Title: After Dark
Author: Haruki Murakami
First published: 2004
Edition: Vintage Books
Paperback, 201 pages
Genre: Fiction | Contemporary | Magical Realism
Summary: A short, sleek novel of encounters set in Tokyo during the witching hours between midnight and dawn.
The midnight hour approaches in an almost empty all-night diner. Mari sips her coffee and glances up from a book as a young man, a musician, intrudes on her solitude. Both have missed the last train home.
Meanwhile Mari’s beautiful sister Eri sleeps a deep, heavy sleep that is ‘too perfect, too pure’ to be normal; she has lain asleep for two months.
◄ 4 out of 5 stars ►
This is the third book that I have read by Murakami, the other two being “Norwegian Wood” and “South of the Border, West of the Sun”. So far I have very much enjoyed everything that I read by him.
This is not a plot driven book, there really is no specific plot that I can mention. This is rather an atmospheric and character driven novel.

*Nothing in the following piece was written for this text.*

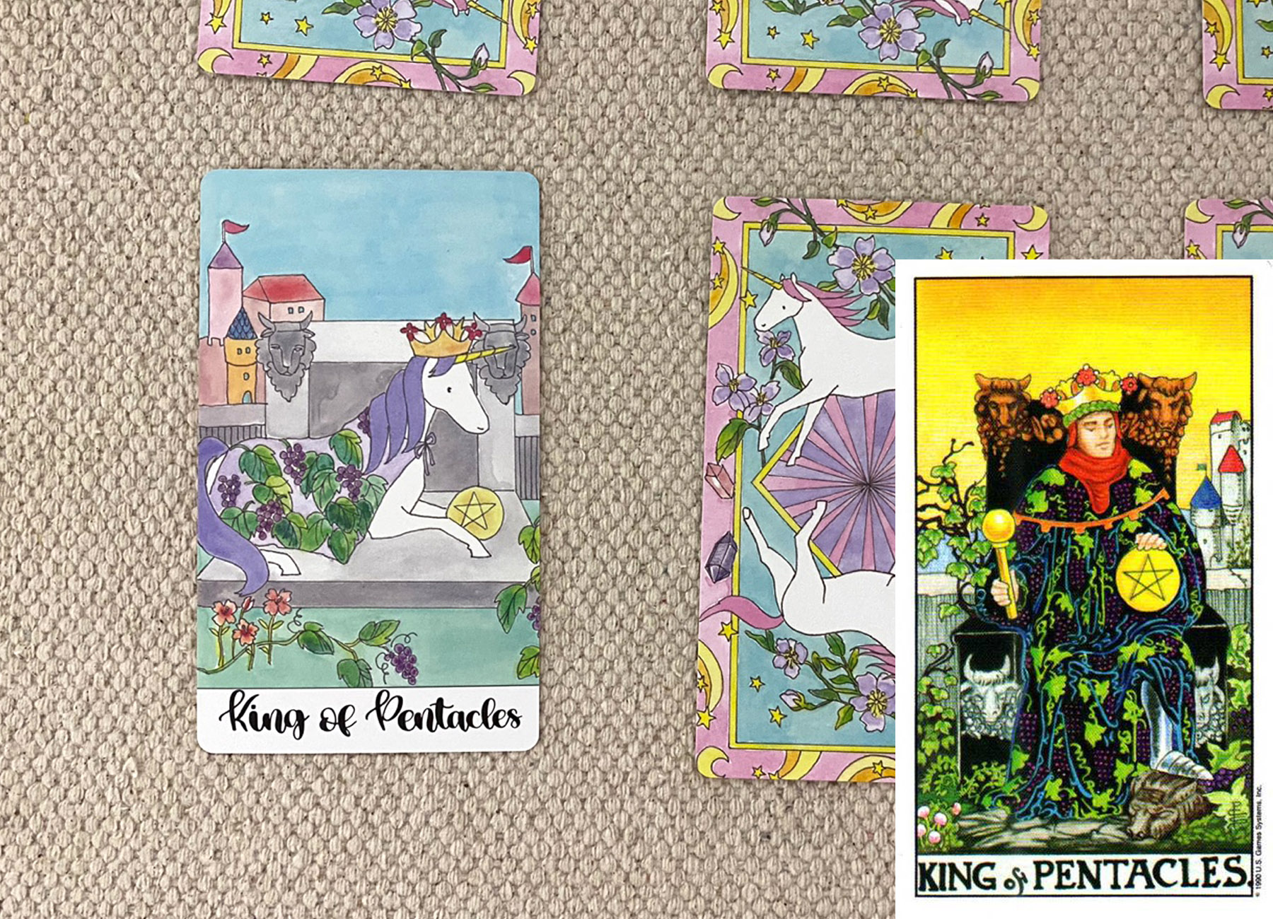 자신의 왕좌에 앉아 있는 왕의 모습이 있습니다. 기본적으로 물질적인 힘을 나타내는 이 카드는 현실적인 수완도 있고 사회적인 위치도 있는 사람을 나타내는 카드입니다. 오늘 여러분의 인생에서 이런 영향력을 주는 인물이 등장할 수도 있겠습니다. 혹은 여러분이 그런 영향력을 주는 인물일 수도 있습니다. 경험이 있고 성공적인 지도자의 모습을 보일 수도 있습니다. 현명한 판단을 내리고 믿을 맏한 사람이라는 평가를 받는 오늘이 되실 수 있습니다. 남들이 인정해주는 그런 일을 시작하실 수도 있습니다. 그러나 이 킹펜타클의 카드는 움직임이 크지 않습니다. 그렇기에 행동력이 강한 카드는 아닙니다. 인내심도 있고 묵직함도 있으나 미첩하게 행동은 못하는 날이 될 수 있는거죠. 장점과 단점 모두 공존하는 날이 될 수 있습니다.

It is also quiet a short book – it only follows 7 hours of one day, from midnight to 7 a.m. It portrays us the lives of 5 different people and how they intertwine with each other.
The writing style in this novel is quiet simple. Most of the sentences are short and to the point. It makes it a rather easy read and probably a good starting point for reading the works of Murakami. It was still beautiful and captivating. I couldn’t put the book down.
One of the aspects I enjoyed the most while reading this book is the atmosphere. It simply enchanted me. The atmosphere was rather dark and eerie, making me enjoy it even more.
What I love most about any Murakami book are his characters. He always creates interesting and complex characters that I love reading about. As I already said, this is not a plot driven book, it rather focuses on the characters and their interactions. Murakami is a master at writing both, making this book an amazing experience. I especially loved the interactions between Mari and Takahashi.
The only thing that I didn’t like was the ending. Or rather I felt as if the book wasn’t completed. There just were some questions left that I would have loved to get answered.
I would recommend this book to everyone, especially if you want to start reading Murakami’s books.